# Best Deals on Bolt All-In



## JTHOJNICKI (Nov 30, 2015)

I have a Bolt currently under the free year of included service. As I only use the Bolt for OTA and find it chewing up drive space, I do not think $599 for All-In makes sense when I can buy the 1TB Roamio OTA with All-In tomorrow for $399 and add a huge-ass hard drive to it for less than the Bolt All-In.

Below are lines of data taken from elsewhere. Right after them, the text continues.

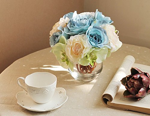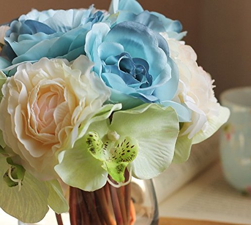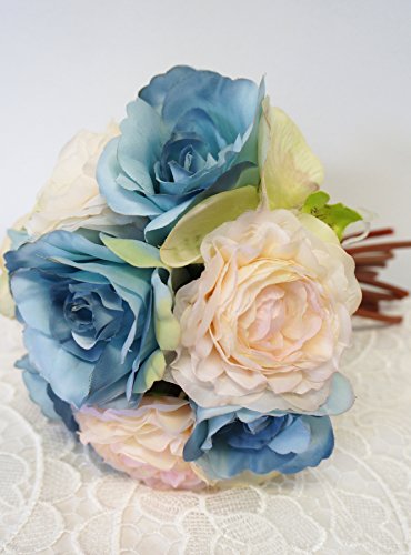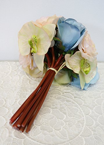 - Title : Sweet Home Deco 10" Rose Orchid Ranunculus Mixed Silk Wedding Bouquet Flower (13 Flower Heads), No Pot Included (Blue)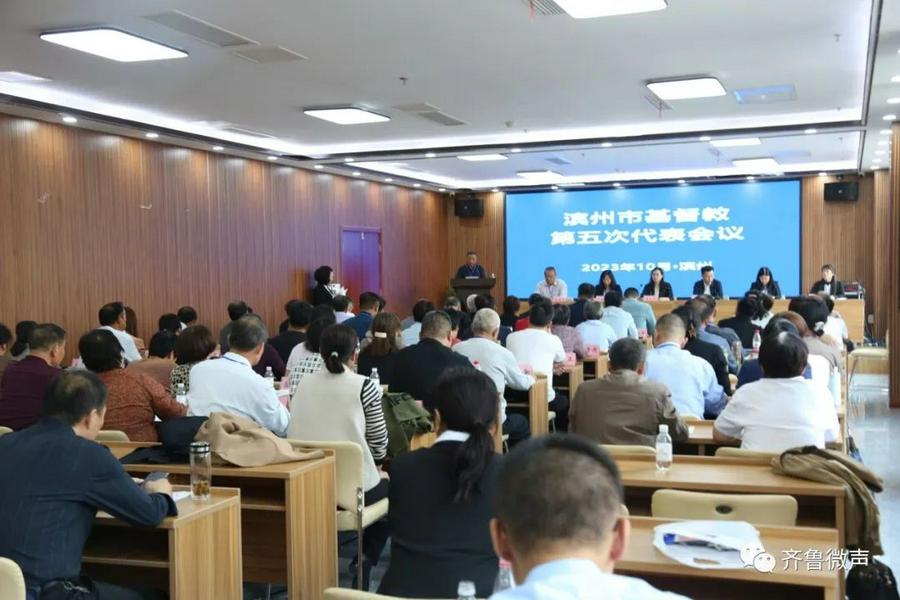 10月17日,山东省滨州市基督教第五次代表会在滨州市滨城区召开,滨州市委统战部分管日常工作的副部长、市民宗局田道军局长出席会议并讲话,市委统战部许立华副部长、市委统战部三级调研员张援参加会议,省基督教协会副会长王孟坤牧师到会祝贺并致辞,来自全市的信徒代表67人参加会议。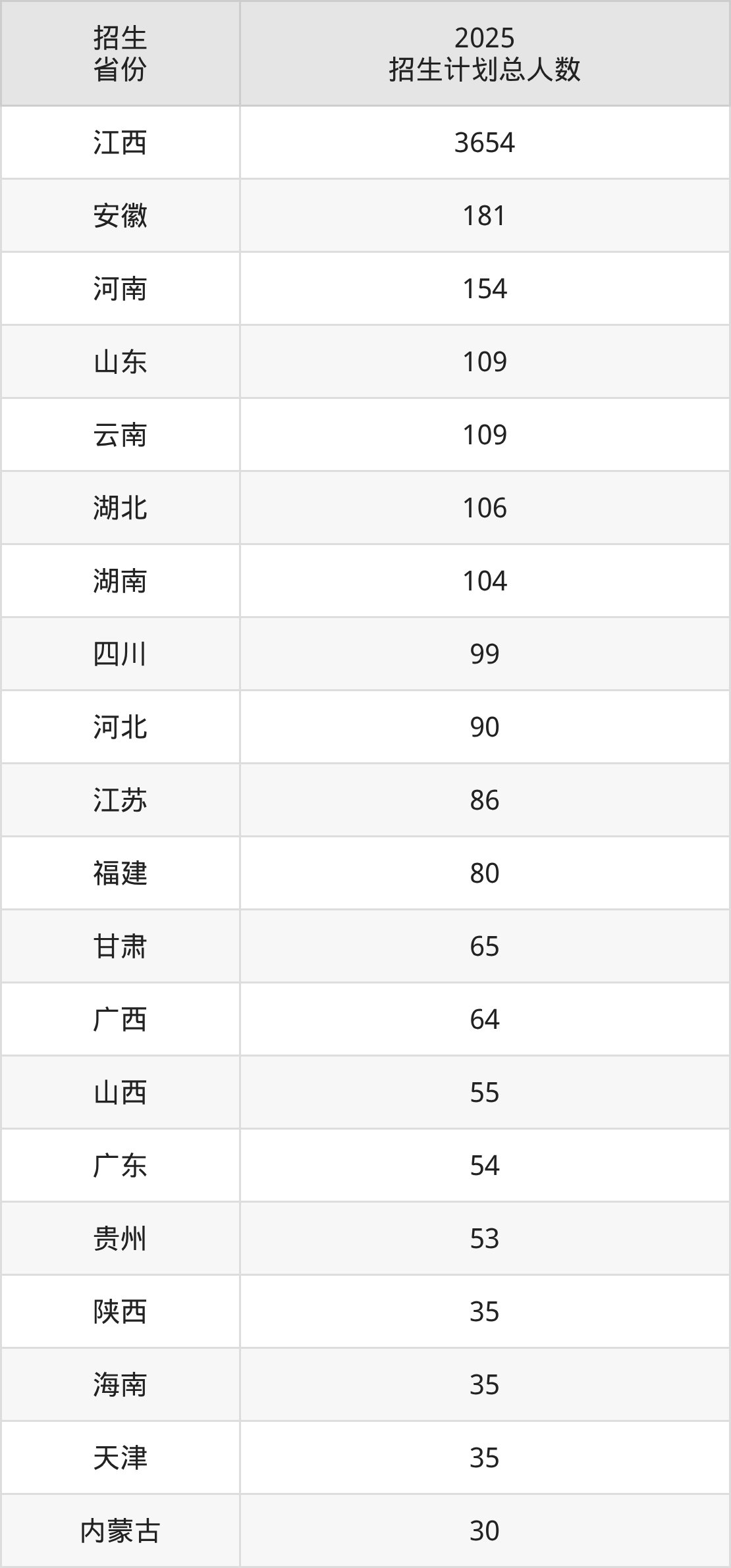 2025年江西农业大学面向全国29个省市开展本科招生;招生专业共51个,招生人数共5342人。2025年在江西省招生计划总人数是3654人,其中,江西农业大学在江西省招生人数最多的是软件工程。江西农业大学在各省具体招生人数情况如下表。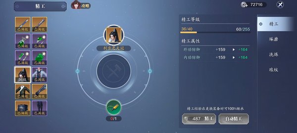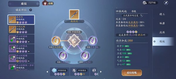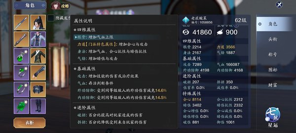 洗练,可以洗出各种属性,力道会心主要来源之一,每周点券诸神令买满,前期控制在10-14级即可,18级之后可以洗出破招拆招属性,pvp最重要属性之一,有条件必须整。

Is anybody having any luck negotiating better All-In rates for their Bolts? (I also have a Roamio Pro with All-In and 6 Minis on my account.)


----------



## JTHOJNICKI (Nov 30, 2015)

Just chatted with TiVo. The new 1TB Roamio OTA will be available on TiVo.com tomorrow and no all-In deals for existing boxes.


----------



## aaronwt (Jan 31, 2002)

I see the 1TB Roamio OTA on the BestBuy website. But it doesn't show as in stock yet.

http://www.bestbuy.com/site/tivo-ro...er-black/5114600.p?id=bb5114600&skuId=5114600


----------



## JTHOJNICKI (Nov 30, 2015)

I'm going to wait a day & buy it direct from TiVo to get the 30 day return option if for some reason I hate it. (I'm not sure how different the speed of the Roamio is from the Roamio Pro or the Bolt for that matter.)


----------